Sebelum Islam/Kristen dikenal dan berkembang di wilayah tersebut, masyarakat Angkola masih percaya akan kepercayaan Sipelebegu atau pemujaan roh-roh leluhur. Salah satu bukti tinggalannya adalah makam kuno yang berupa tanah-tanah gundukan yang sekelilingnya dibatasi oleh batu-batu pipih. Bukti keberadaan makam-makam kuno tersebut dapat dilihat salah satunya dari tinggalan marga Harahap, yaitu kompleks makam kuno Sutan Nasinok Harahap.
Kompleks makam kuno Sutan Nasinok Harahap tepatnya berada di Desa Gunung Tua Batang Onang, Kecamatan Batang Onang, Kabupaten Padang Lawas Utara, Provinsi Sumatera Utara.
Menurut Nasoichah, dkk 2020 dalam publikasinya berjudul 'Konteks Penguburan Kompleks Makam Kuno Sutan Nasinok Harahap' yang diterbitkan di Jurnal Forum Arkeologi Volume 33 Nomor 2 2020 terdapat lebih dari 60 gundukan makam kuno di area tersebut. Kondisi makam-makam tersebut saat ini masih baik namun beberapa sudah hilang karena aktivitas perkebunan sawit.
Ketika saya bersama tim (Balai Arkeologi Sumatera Utara) melakukan penelitian di kompleks makam tersebut banyak memakan waktu di jalan karena lokasinya yang jauh dari ibukota Kabupaten Padang Lawas Utara yaitu Gunung Tua.

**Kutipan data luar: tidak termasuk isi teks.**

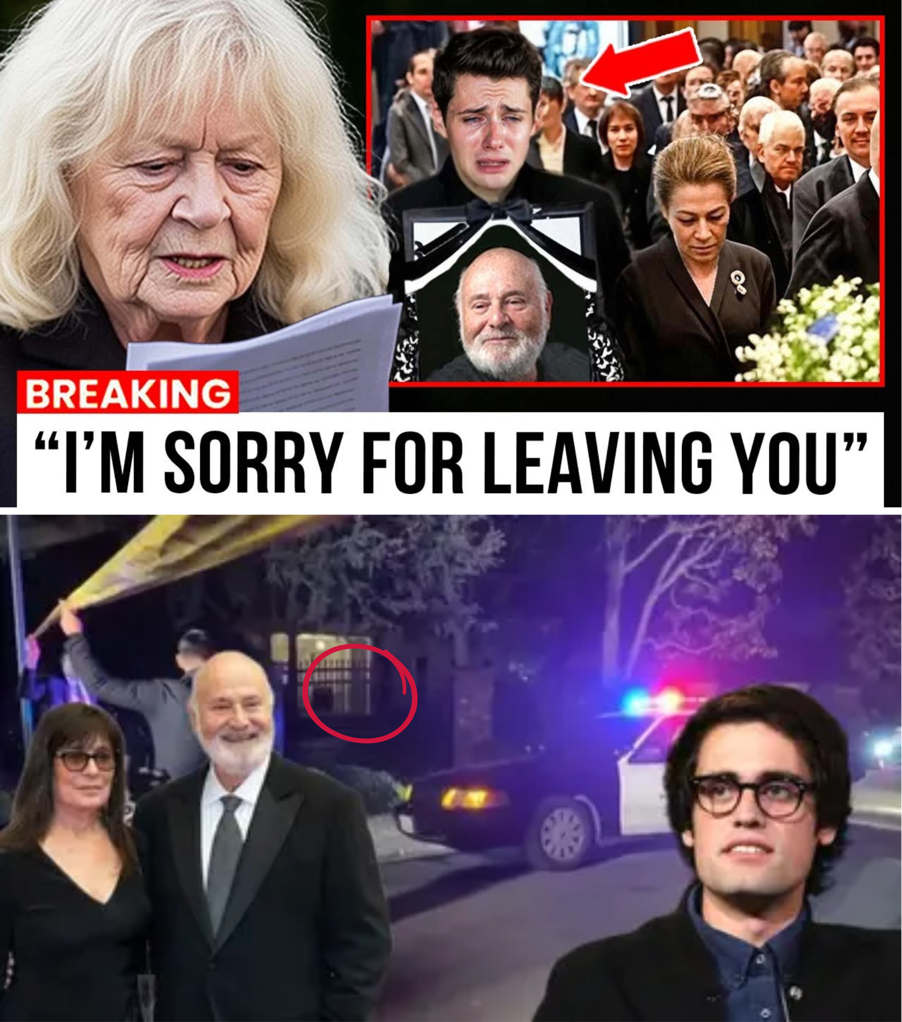 In the shadow of unimaginable tragedy, the private funeral for Hollywood legend Rob Reiner and his wife Michele Singer Reiner became the stage for an unexpected and profoundly moving moment. Held on December 22, 2025, at a secluded chapel in Los Angeles following their cremation at Mount Sinai Mortuary, the service was intended as an intimate affair for immediate family and a handful of close confidants. The couple had been fatally stabbed on December 14 in their Brentwood home, allegedly by their son Nick Reiner, with autopsies confirming multiple sharp force injuries leading to rapid death. Amidst the raw grief, Sally Struthers, Reiner’s longtime co-star from the groundbreaking sitcom “All in the Family,” made a dramatic uninvited appearance, delivering a tribute that stunned the gathering into silence.

Dari Gunung Tua ke lokasi tersebut berjarak kurang lebih 60 menit atau 120 menit pulang pergi. Begitu juga apabila ditempuh dari Kota Padangsidimpuan juga memakan waktu yang relatif sama. Lokasi kompleks makam tersebut tidak jauh dari Bandar Udara Aek Godang atau sekitar 30 menitan.

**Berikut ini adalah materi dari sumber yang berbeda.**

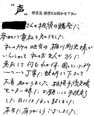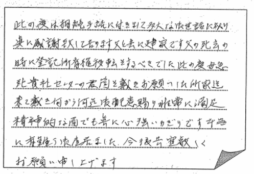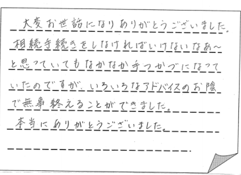 無事に祖父の相続が終了致しました。本当にありがとうございました。今回の相続は

Di lokasi area kompleks cuaca sangat terik apalagi tidak ada pepohonan besar yang tumbuh disana. Hal ini disebabkan karena lapisan tanahnya tidaklah tebal dan langsung berupa bebatuan besar sehingga tidak memungkinkan tumbuh pohon-pohon besar terutama yang berakar tunggang.
Hanya tanaman berakar serabut seperti sawitlah yang memungkinkan tumbuh, itupun hasil buahnya tidaklah memuaskan. Di lokasi kompleks makam tersebut sangat jarang sekali turun hujan, kalaupun mendung akan terbawa angin dan hanya tersisa rintik-rintiknya.
Gundukan makam-makam kuno tersebut ada sebagian yang dibatasi batu-batu berukir atau gores, namun sebagian besar berupa batu polos berbentuk pipih. Beberapa ukiran yang ada seperti gambar cicak/kadal, monyet, ogung (gong), manusia, maupun flora.
Kompleks makam kuno tersebut dinamakan Sutan Nasinok Harahap karena berdasarkan temuan batu bertulis/prasasti beraksara Angkola (secara karakteristik mirip dengan aksara Batak Toba, Mandailing, dan etnis lainnya) yang berbunyi Sutan Nasinok Harahap.